On Eat-Pray-Love Tourists

Wham bam here’s my second post this week. (Mostly cause I’ve been neglecting the blog shamefully. Sorry, all my dear fans I know you’ve been waiting with bated breath.)

Anyway, Pune is great. We live in Koregaon Park, a very cosmopolitan area with plenty of cute little boutiques, great restaurants and international travelers.

German Bakery

German Bakery

And my favourite ...

And my favourite .

The area’s famous for the Osho International Meditation Resort, where people come from far and wide to meditate and follow the teachings of Bhagwan Shree Rajneesh, an (in)famous mystic whose ideas enthralled many young people all over the world in the 70s and 80s. There’s pictures of him all over our house, because the owner’s a devotee. Personally, I’ve always been a little curious about Osho, because my family is quite amusingly split in their ideas about him. While some of them are devoted followers – and have indeed visited this very ashram several times in the past – the others would prefer I had nothing to do with the resort.

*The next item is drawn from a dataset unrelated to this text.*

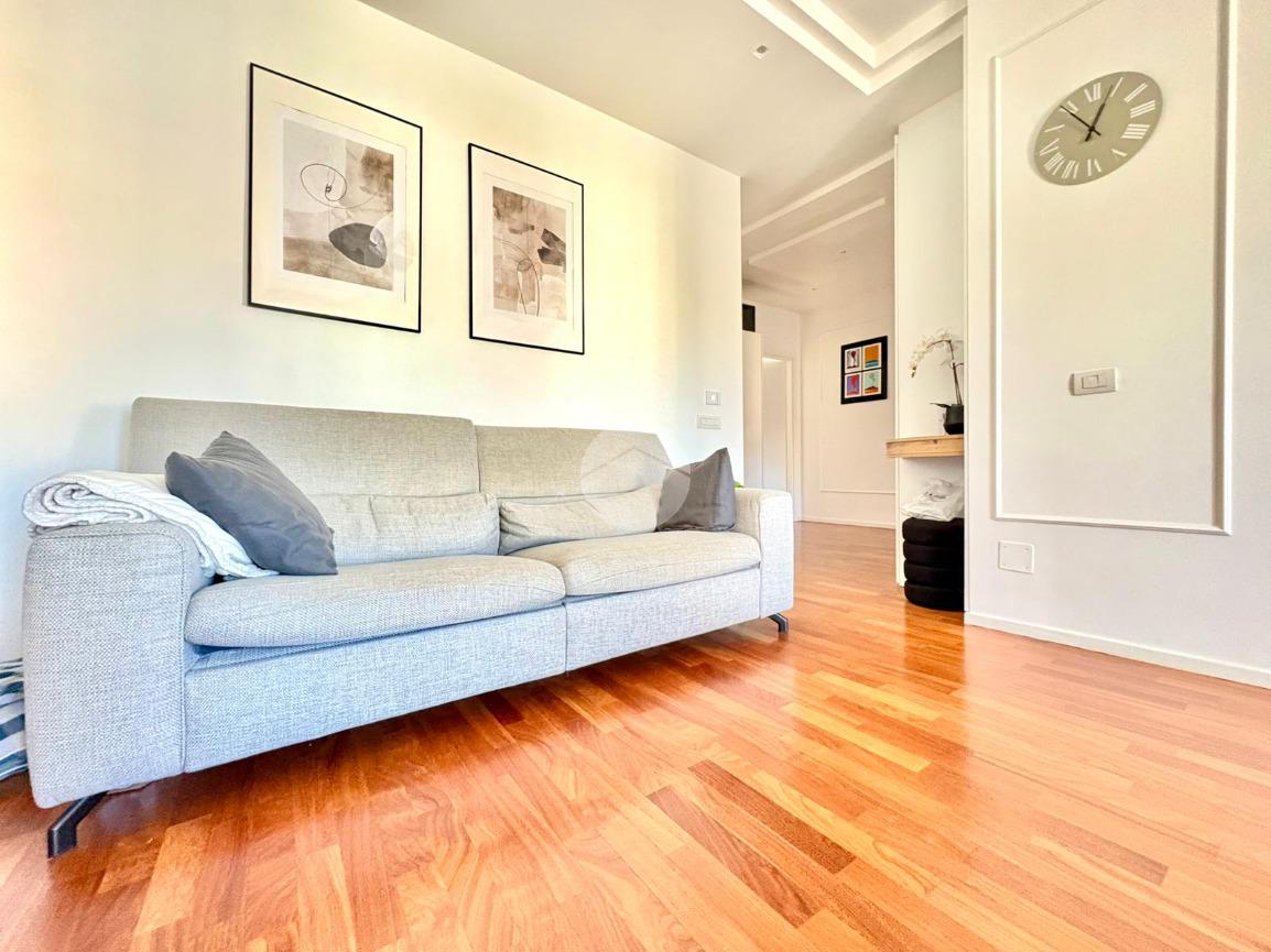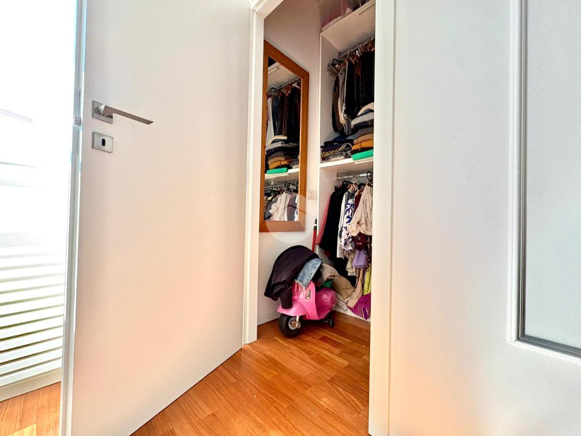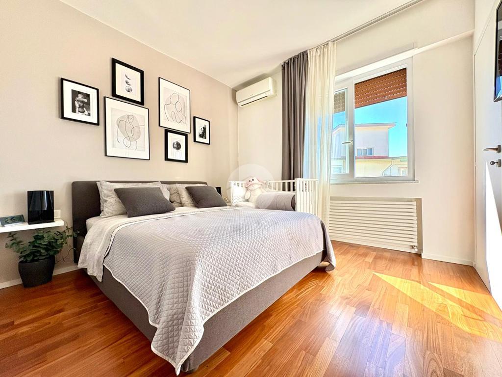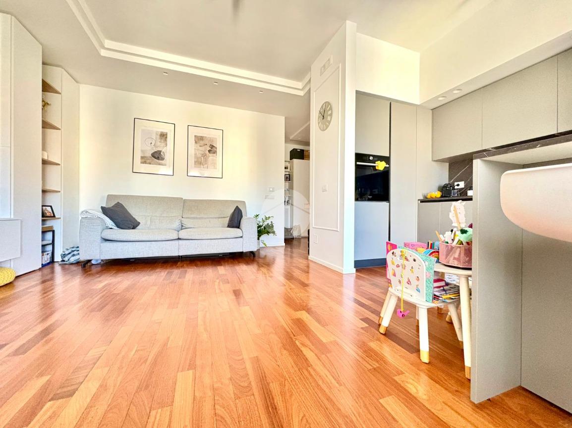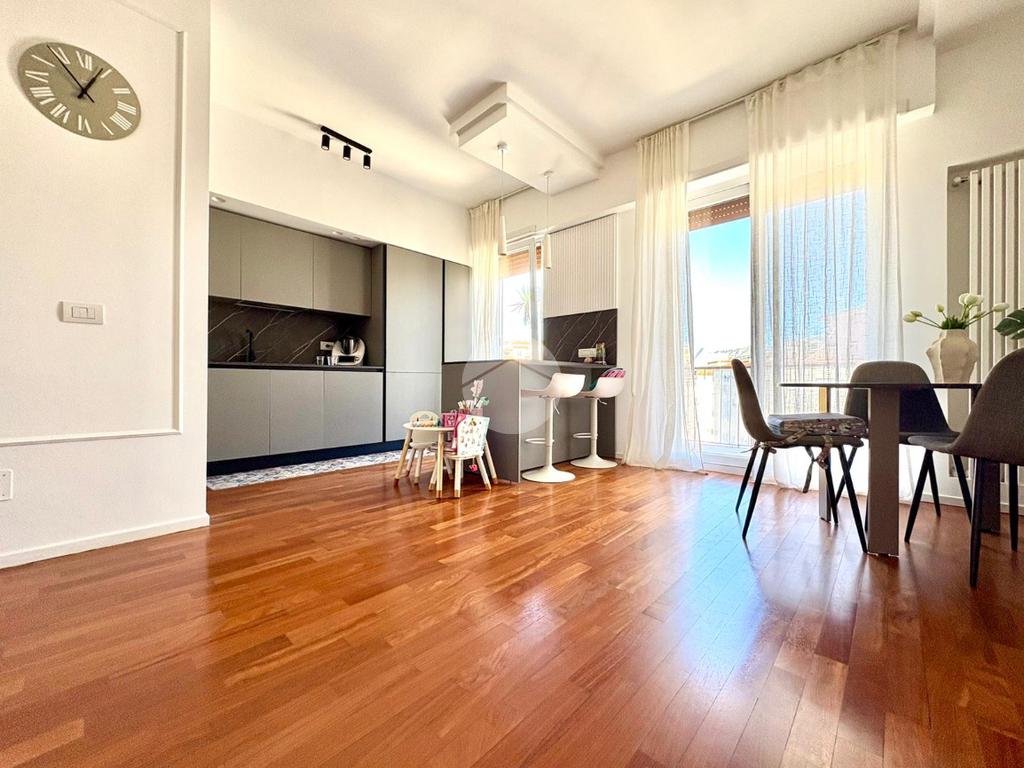 L’ingresso si apre su un ampio disimpegno che conduce alla zona notte, composta da una camera da letto matrimoniale con cabina armadio e bagno privato, e da una cameretta. Un secondo bagno completa la zona notte. La zona giorno è caratterizzata da una moderna cucina a vista che si fonde armoniosamente con il salone living, con accesso diretto a un comodo balcone.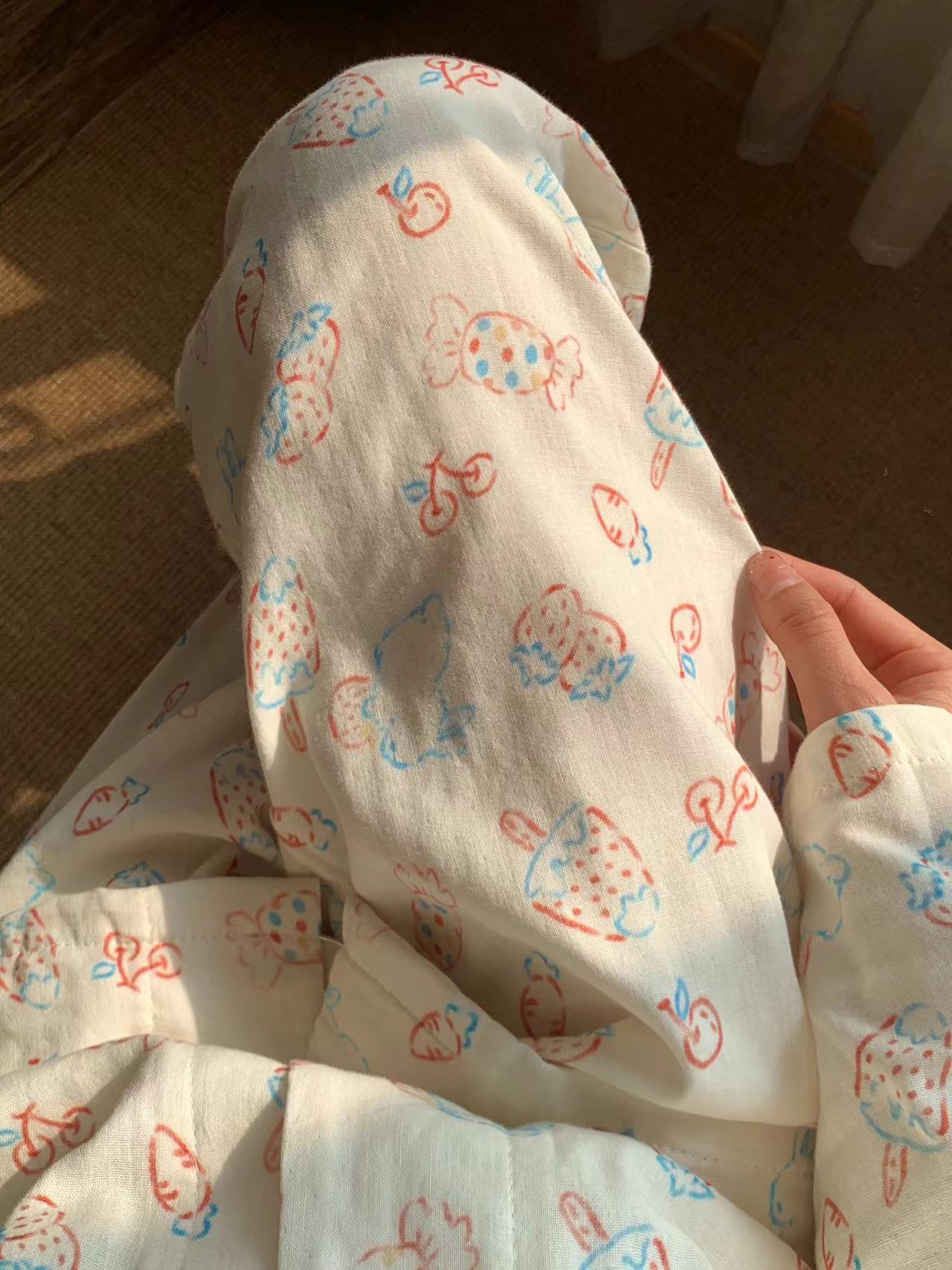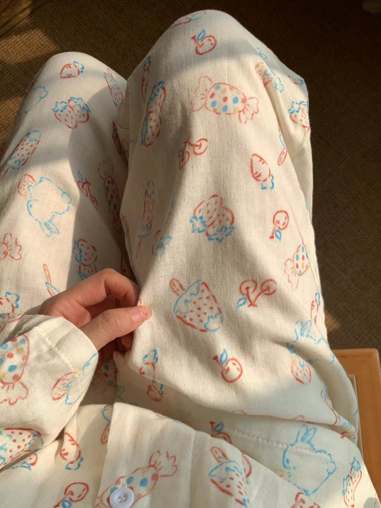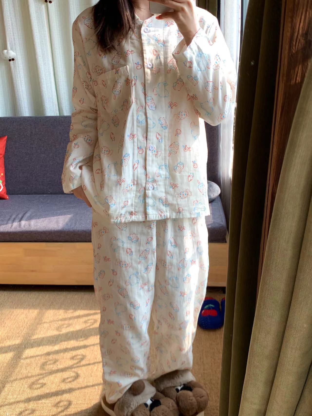 ¡Lo nuevo! Pijama de algodón de doble gasa de clase A con solapa de conejito de fresa y caramelo, bonito para usar en casa

I’d meant to spend a day or two inside the ashram, to decide for myself whether his teachings resonated with me or not, but I’ve been strangely turned off by the people I’ve seen frequenting it. Caroline puts it really well in one of her posts –

It was very “Eat, Pray, Love”–many foreigners (and other Indians, in Pune!) in hippie outfits, with dreadlocks, man-buns, and prayer beads… these wealthy tourists with Om tattoos eating pizza while glued to their screens on Facebook. They dressed like the Sadus, meditated and did yoga like the Sadus, but seemed as if they were searching for faith in a more superficial, self-serving way.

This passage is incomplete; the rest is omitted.